Exact repetition of a range: find the line containing "- Tighten the" and the line containing "На следующий день" in the material below, then repeat both and all lines between them, leaving pictures out.

....................

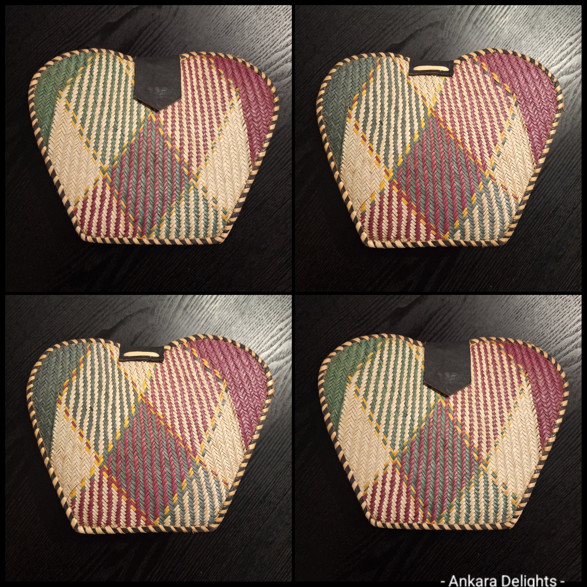 A modern take on age-old craftsmanship, these hand woven bags are distinct, fun, & complement your wardrobe all year long! Each raffia & leather bag has a unique design with a mix of modern and traditional African aesthetics and its heart-shape design is sure to catch the eye. No two are exactly alike!
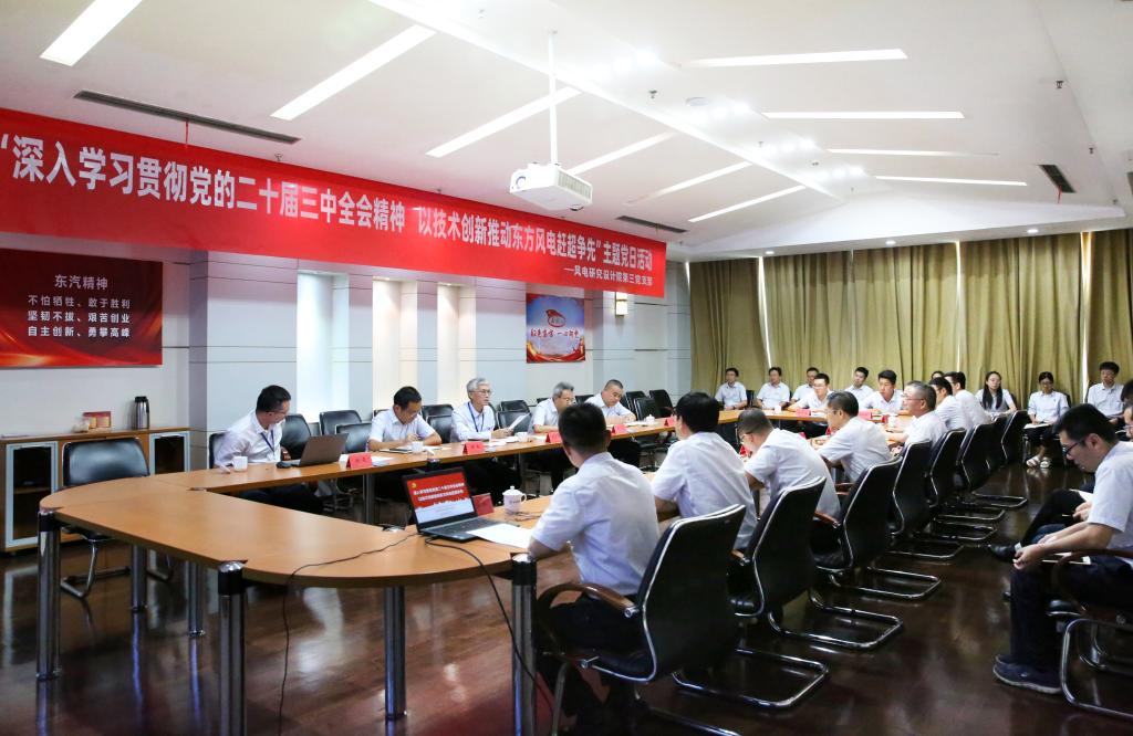 8月28日,集团公司党组副书记、总经理张彦军参加联系党支部尊龙人生就是博ag风电风电研究设计院第三党支部主题党日活动,并宣讲全会精神。张彦军强调,支部全体党员要坚持以习近平新时代中国特色社会主义思想为指导,深入学习贯彻全会精神,在研发创新、技术攻关、质量提升、设计降本等各方面工作中追求精益求精,切实推动集团公司“领先战略”落实落地。
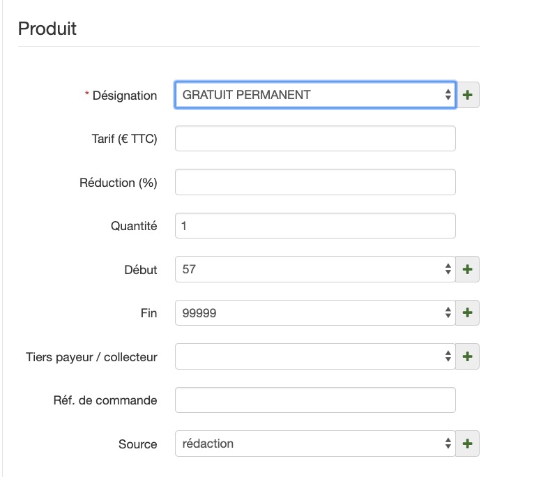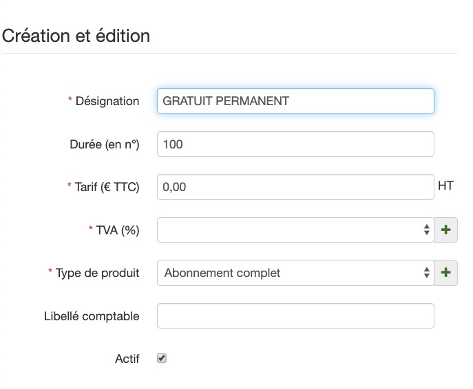 Pour cela, nous recommandons de créer un produit GRATUIT PERMANENT et d'insérer un nombre de parutions très large. Le tout avec un montant à 0 euro.
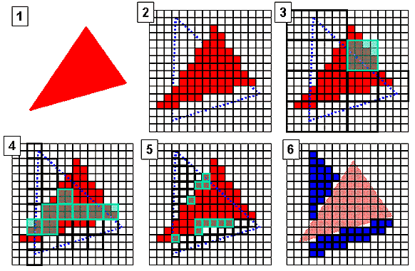 У нас есть уже закрашенный полигон (1), расположенный близко к наблюдателю. Мы хотим закрасить полигон (2), расположенный дальше и, соответственно, частично перекрытый. Вначале мы проводим поиск на самом верхнем уровне иерархического буфера глубины, на котором хранятся расстояния до самых больших блоков 4х4, и сразу выделяем блок, полностью принадлежащий верхнему треугольнику (3) и, следовательно, не нуждающийся в закраске. Таким образом, мы сразу отбрасываем необходимость закрашивать 16 точек. Затем мы переходим на более низкий уровень иерархии и отбрасываем еще 8 блоков 2х2. И на последнем уровне, детализированном до единичного пиксела, мы определяем еще несколько закрытых точек, которые не надо закрашивать. Разумеется, эта иллюстрация несколько схематична, но достаточна для понимания вычислительной выгоды и принципа работы иерархического буфера глубины.
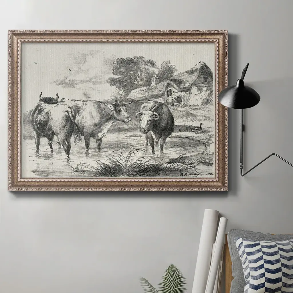 Kip's Garden Views I Premium Framed Canvas- Ready to Hang A Premium Framed Canvas created to last. Framed in distressed wood and available in an array of sizes and colors Featuring a beveled a solid wood stretcher bar, each piece comes ready to hand 3 SIZES AVAILABLE 16''X20'' - Overall Size 18'X27'' - Overall Size 24''x36'' - Overall Size Each piece is made to order. Each piece comes with hanging hardware. Made in the USA Ready to Hang Giclee Paper Print Acrylic Glass Beveled Matt Board
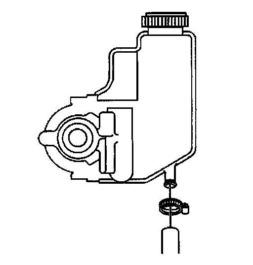 - Tighten the power steering gear return hose to the power steering pump clamp to 2 Nm (18 inch lbs.). Remove the drain pan from under the vehicle.
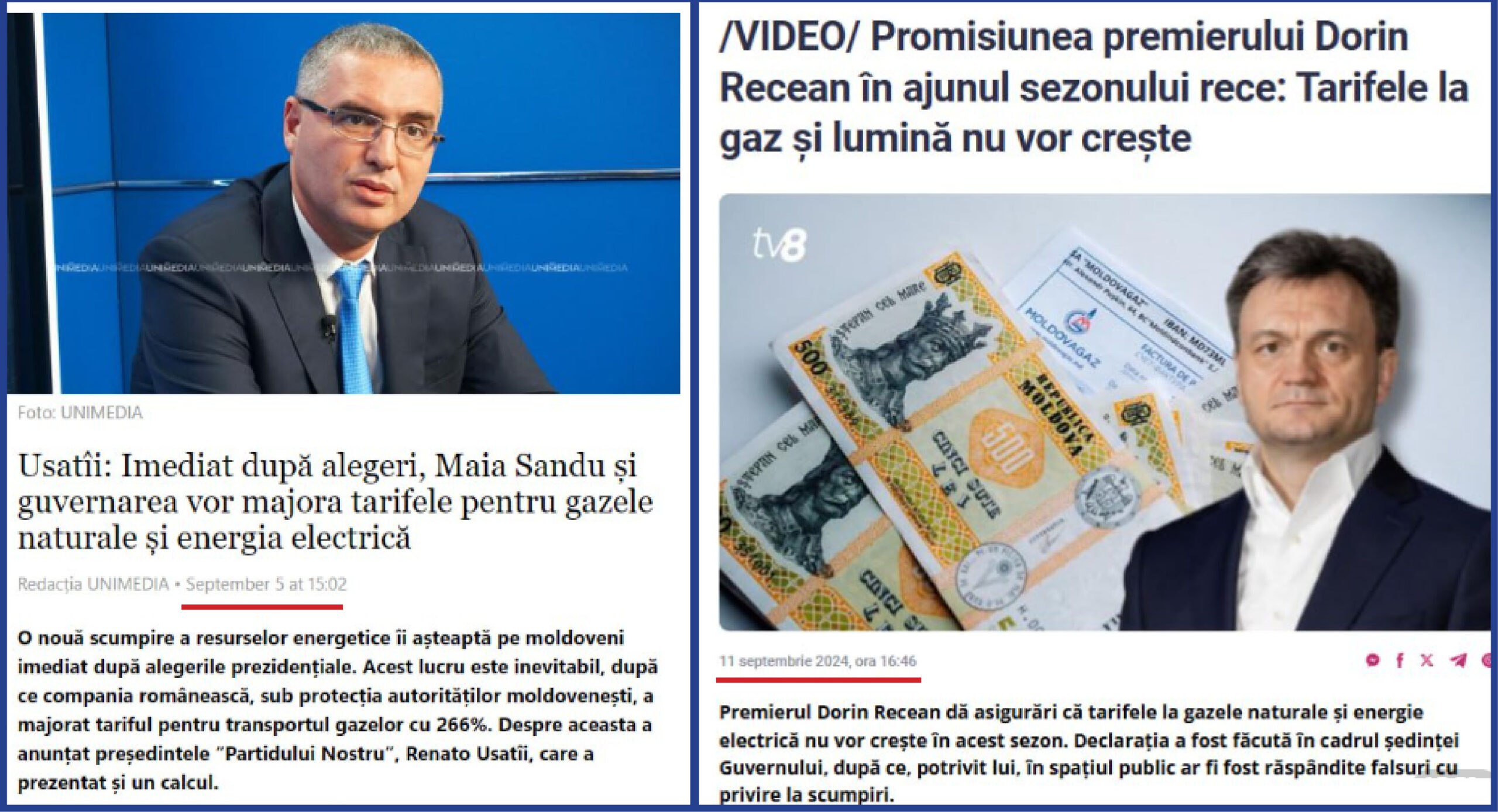 „Ei vor și sunt gata să scumpească nu doar tarifele de transportare, dar pregătesc scumpirea și pentru consumatori, imediat după alegerile prezidențiale”, spunea Renato Usatîi în emisiunea „Puterea e în adevăr” din 5 septembrie. Atunci, premierul Dorin Recean a declarat că aceste informații sunt false.
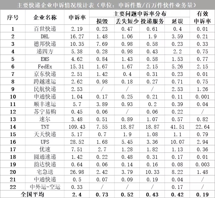 全國快遞企業申訴率(百萬件快件業務量)平均為2.40,有效申訴率平均為0.19。用戶對快遞企業申訴主要問題中,快件損毀申訴率平均為0.73,快件丟失短少申訴率平均為0.52,投遞服務申訴率平均為0.43,快件延誤申訴率平均為0.42。
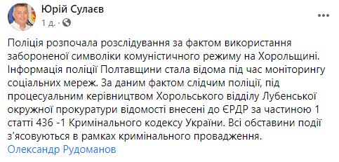 На следующий день начальник отделения коммуникации Нацполиции в Полтавской области сообщил, что начато расследование. Нашли "крамольные" фото во время мониторинга соцсетей.
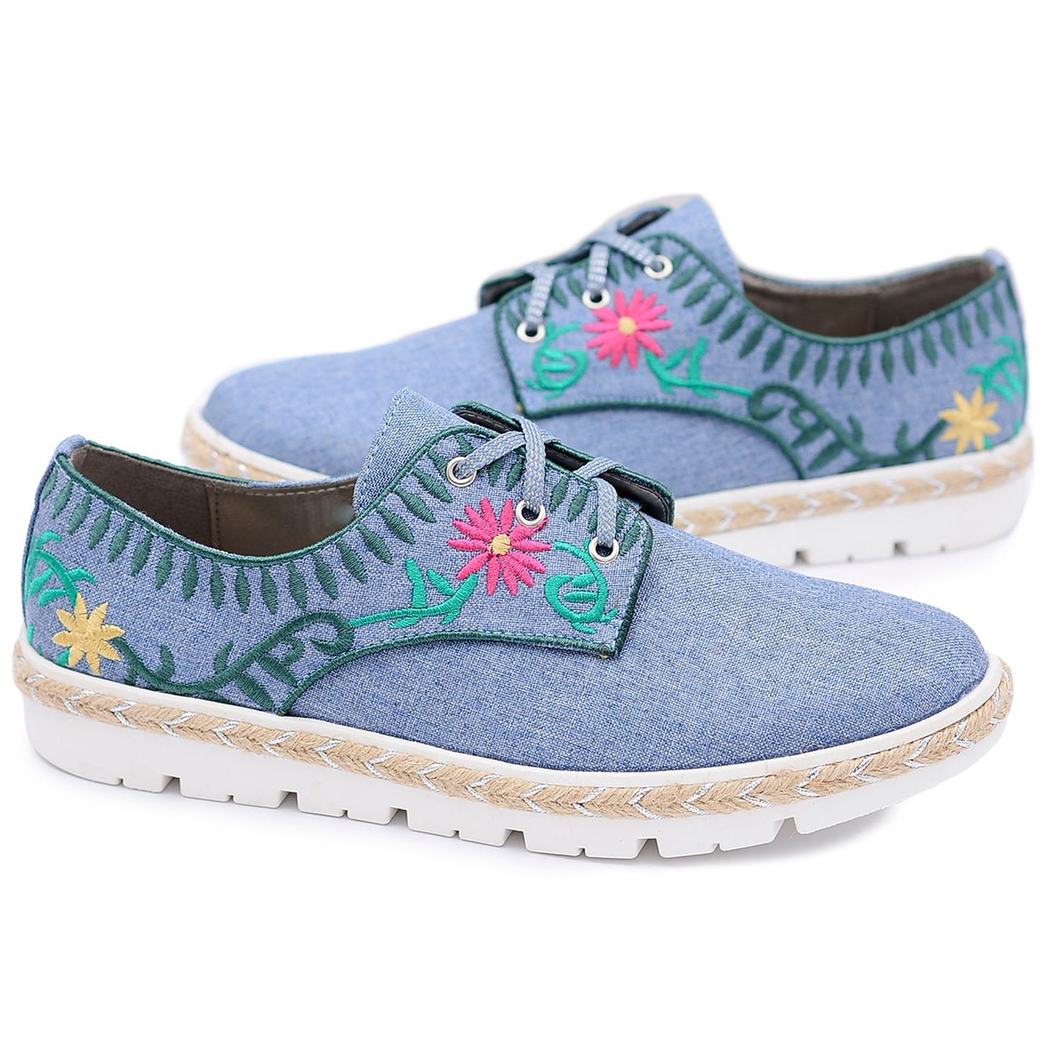 Detalhes: Kylie Crazy | Tênis esportivos elegantes femininos com flores Jeans Prim azul marinho
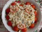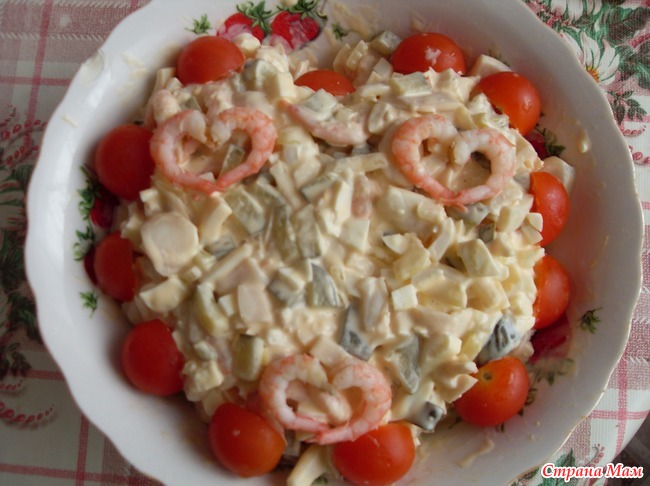 Приготовление- креветки отварить в подсоленой воде и почистить, кальмары отварить 5 минут в пдсоленой воде и орезать тонкими полосками. Огурчики (лучше маринованные,чем соленые) порезать кубиком. Лук порезать мелким кубиком. Все заправить майонезом и украсить...(я украсила креветками и помидорами черри)
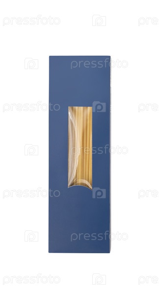 Сырые спагетти в упаковке с окном на белом фоне

....................

#### [Answer to the exercise]
 - Tighten the power steering gear return hose to the power steering pump clamp to 2 Nm (18 inch lbs.). Remove the drain pan from under the vehicle.
 „Ei vor și sunt gata să scumpească nu doar tarifele de transportare, dar pregătesc scumpirea și pentru consumatori, imediat după alegerile prezidențiale”, spunea Renato Usatîi în emisiunea „Puterea e în adevăr” din 5 septembrie. Atunci, premierul Dorin Recean a declarat că aceste informații sunt false.
 全國快遞企業申訴率(百萬件快件業務量)平均為2.40,有效申訴率平均為0.19。用戶對快遞企業申訴主要問題中,快件損毀申訴率平均為0.73,快件丟失短少申訴率平均為0.52,投遞服務申訴率平均為0.43,快件延誤申訴率平均為0.42。
 На следующий день начальник отделения коммуникации Нацполиции в Полтавской области сообщил, что начато расследование. Нашли "крамольные" фото во время мониторинга соцсетей.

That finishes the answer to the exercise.